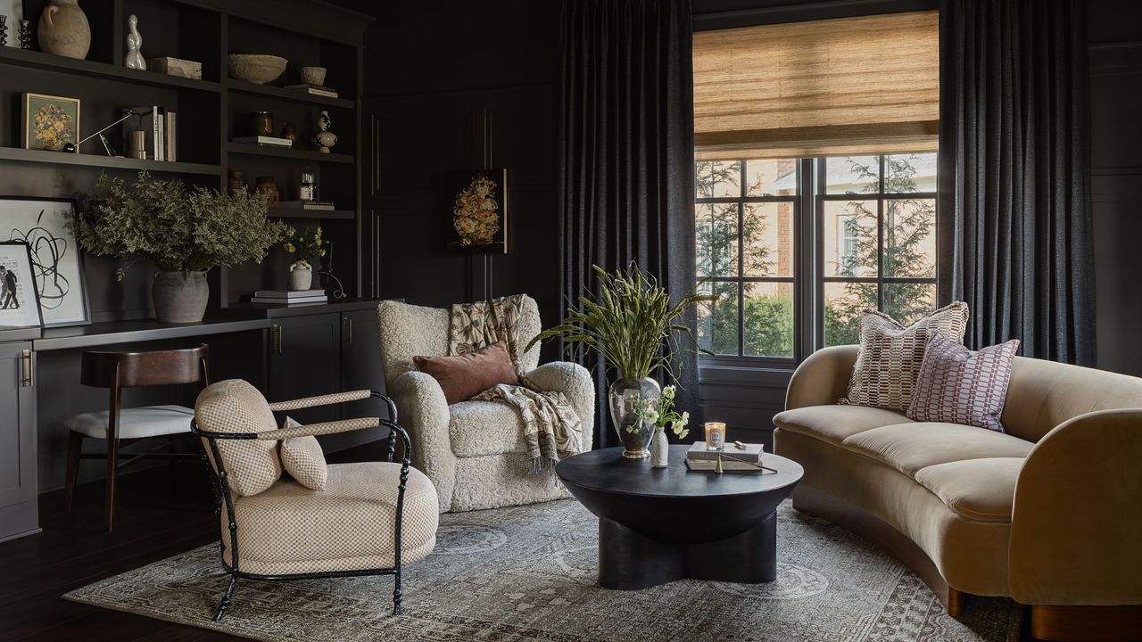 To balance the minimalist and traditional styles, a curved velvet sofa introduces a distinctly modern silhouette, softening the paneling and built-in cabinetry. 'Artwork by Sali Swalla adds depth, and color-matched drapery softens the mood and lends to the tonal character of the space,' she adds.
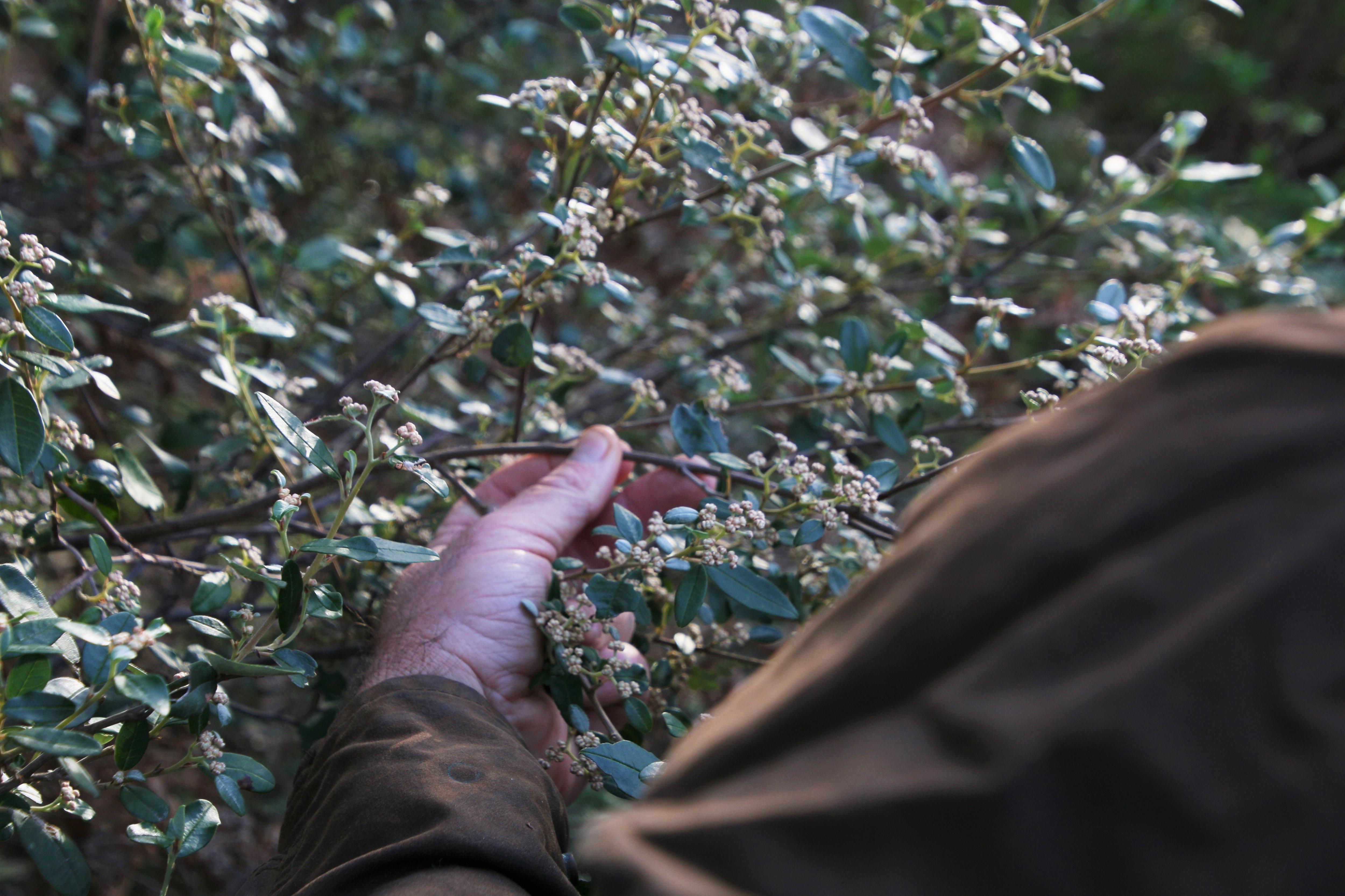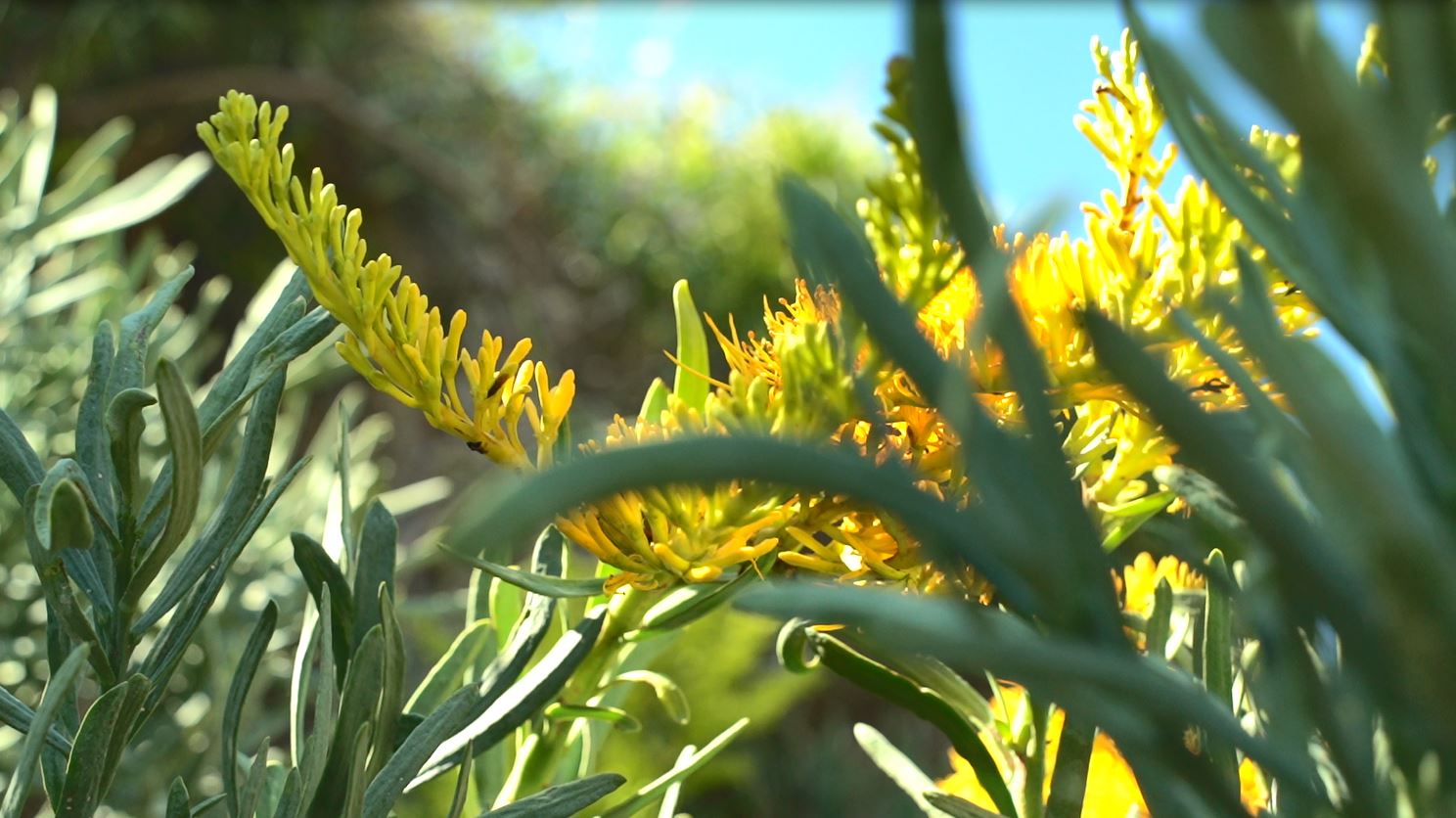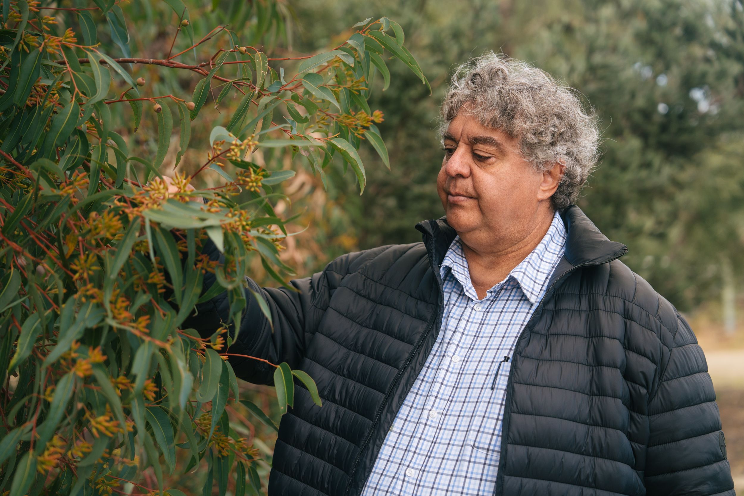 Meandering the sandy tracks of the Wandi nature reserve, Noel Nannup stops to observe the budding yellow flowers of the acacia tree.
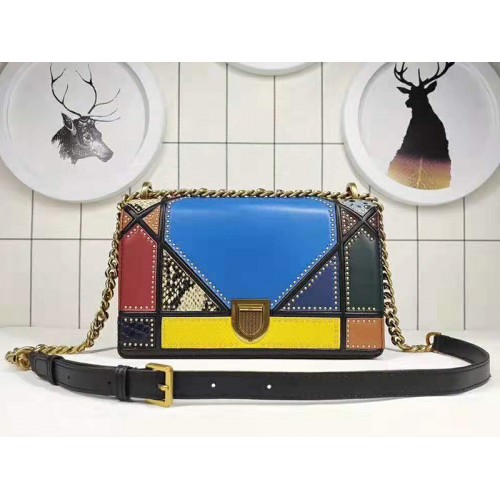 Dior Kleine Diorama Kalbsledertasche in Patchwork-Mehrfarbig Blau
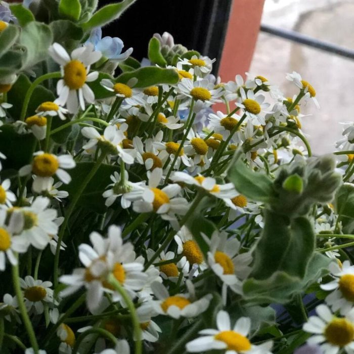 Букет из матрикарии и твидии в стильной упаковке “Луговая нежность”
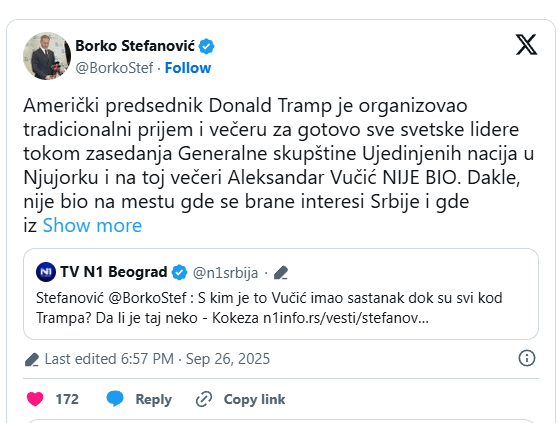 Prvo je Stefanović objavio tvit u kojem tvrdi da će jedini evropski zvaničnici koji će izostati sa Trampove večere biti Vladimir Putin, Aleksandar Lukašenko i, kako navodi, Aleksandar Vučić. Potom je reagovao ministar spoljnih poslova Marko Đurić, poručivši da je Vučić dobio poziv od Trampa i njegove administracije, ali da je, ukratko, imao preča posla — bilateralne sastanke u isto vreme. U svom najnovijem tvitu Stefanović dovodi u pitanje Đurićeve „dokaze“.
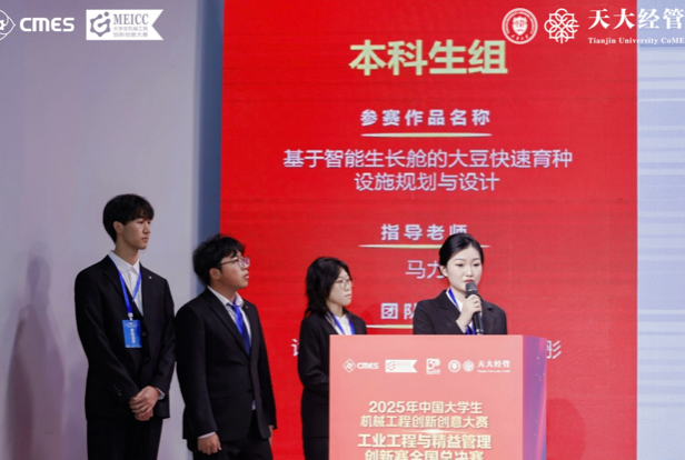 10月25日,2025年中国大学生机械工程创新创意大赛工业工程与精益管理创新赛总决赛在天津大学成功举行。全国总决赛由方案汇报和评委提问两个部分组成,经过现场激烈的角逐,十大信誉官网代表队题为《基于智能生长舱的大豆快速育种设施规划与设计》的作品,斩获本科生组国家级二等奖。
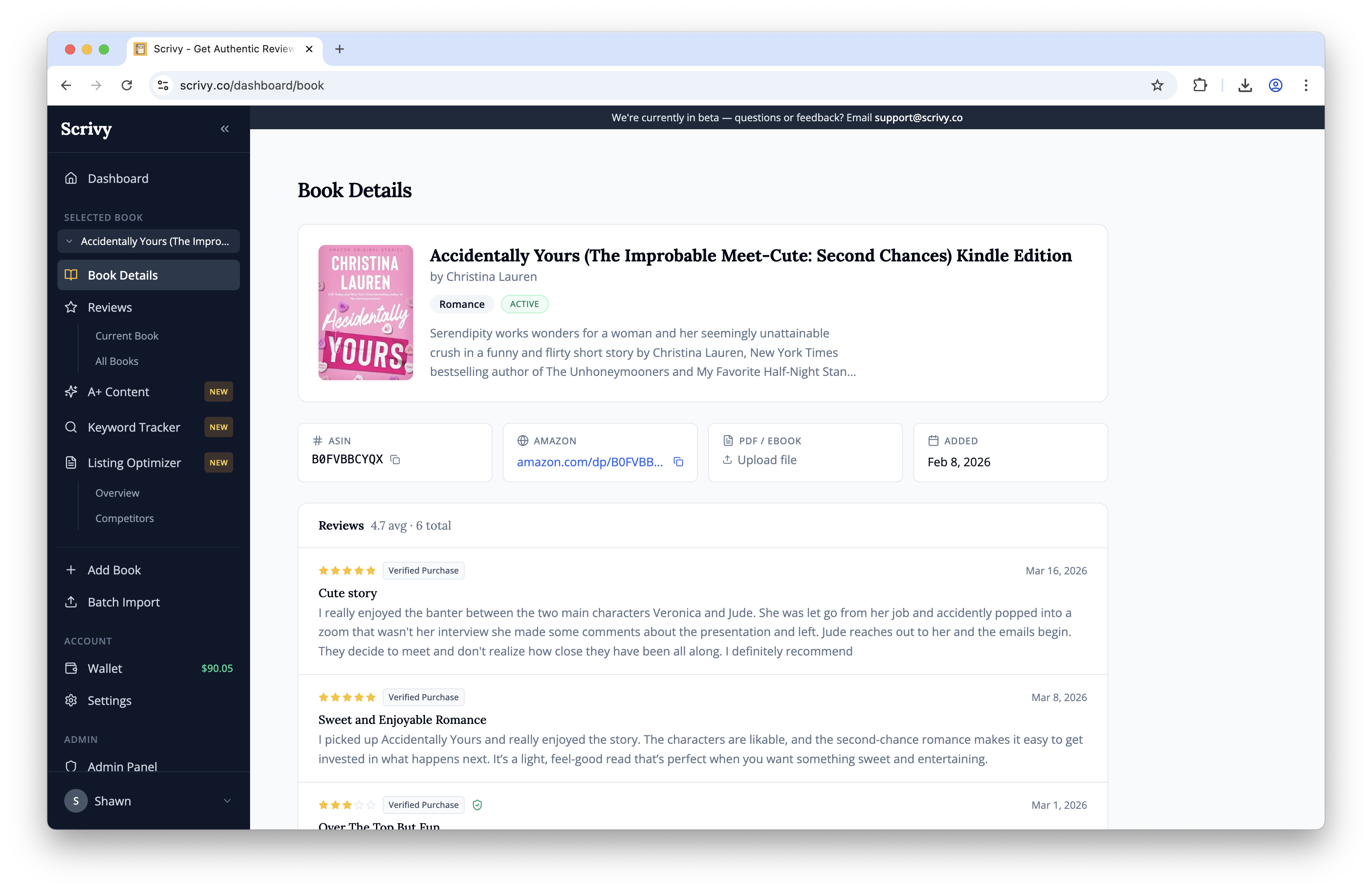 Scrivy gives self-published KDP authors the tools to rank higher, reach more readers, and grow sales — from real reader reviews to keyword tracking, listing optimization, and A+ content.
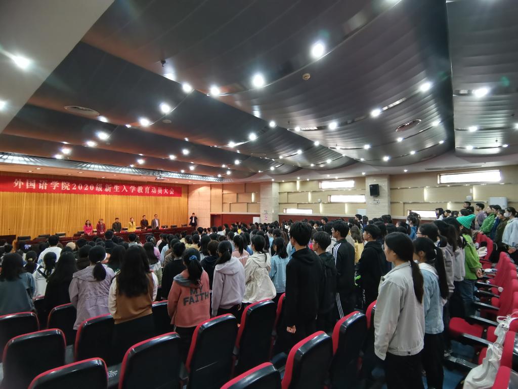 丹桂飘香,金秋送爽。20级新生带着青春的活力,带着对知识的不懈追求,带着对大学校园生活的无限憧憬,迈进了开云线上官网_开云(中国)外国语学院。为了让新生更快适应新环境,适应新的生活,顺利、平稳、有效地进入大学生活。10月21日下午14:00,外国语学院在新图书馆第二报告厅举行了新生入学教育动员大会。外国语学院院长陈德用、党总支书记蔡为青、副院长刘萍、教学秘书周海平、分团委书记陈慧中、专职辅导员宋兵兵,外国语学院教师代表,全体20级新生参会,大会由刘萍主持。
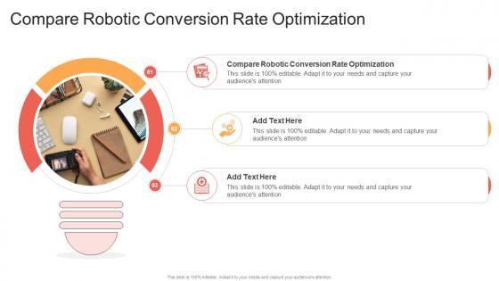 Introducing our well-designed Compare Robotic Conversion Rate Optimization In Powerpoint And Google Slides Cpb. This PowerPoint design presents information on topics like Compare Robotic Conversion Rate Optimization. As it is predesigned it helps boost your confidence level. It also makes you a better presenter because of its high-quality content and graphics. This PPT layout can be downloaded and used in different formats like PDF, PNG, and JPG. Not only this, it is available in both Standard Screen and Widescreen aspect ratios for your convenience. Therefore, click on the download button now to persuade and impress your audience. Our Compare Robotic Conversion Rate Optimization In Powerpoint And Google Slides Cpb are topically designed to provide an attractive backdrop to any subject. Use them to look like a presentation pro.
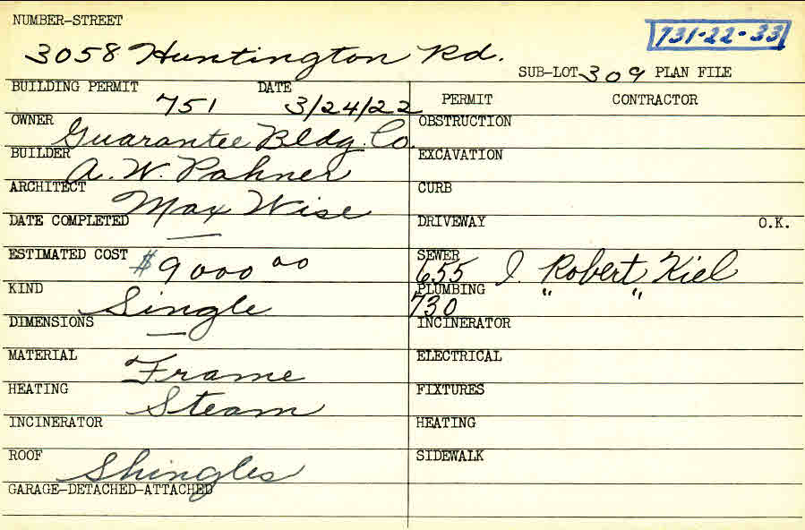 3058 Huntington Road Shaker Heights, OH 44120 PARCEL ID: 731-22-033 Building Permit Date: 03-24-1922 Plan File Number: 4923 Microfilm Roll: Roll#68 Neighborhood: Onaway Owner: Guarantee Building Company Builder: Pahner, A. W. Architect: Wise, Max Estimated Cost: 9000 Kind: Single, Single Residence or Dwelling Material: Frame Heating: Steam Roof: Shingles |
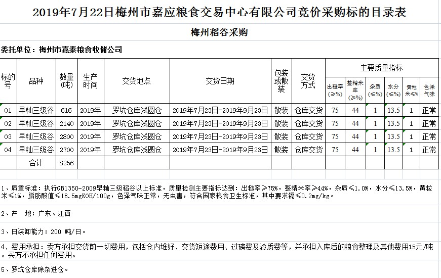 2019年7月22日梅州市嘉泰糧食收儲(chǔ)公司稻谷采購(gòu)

——

What you will do: All lines from the beginning of the material through the line that holds "Букет из матрикарии", both included, should be returned exactly; please omit any pictures and add no other lines.

Solution to this exercise:
 To balance the minimalist and traditional styles, a curved velvet sofa introduces a distinctly modern silhouette, softening the paneling and built-in cabinetry. 'Artwork by Sali Swalla adds depth, and color-matched drapery softens the mood and lends to the tonal character of the space,' she adds.
 Meandering the sandy tracks of the Wandi nature reserve, Noel Nannup stops to observe the budding yellow flowers of the acacia tree.
 Dior Kleine Diorama Kalbsledertasche in Patchwork-Mehrfarbig Blau
 Букет из матрикарии и твидии в стильной упаковке “Луговая нежность”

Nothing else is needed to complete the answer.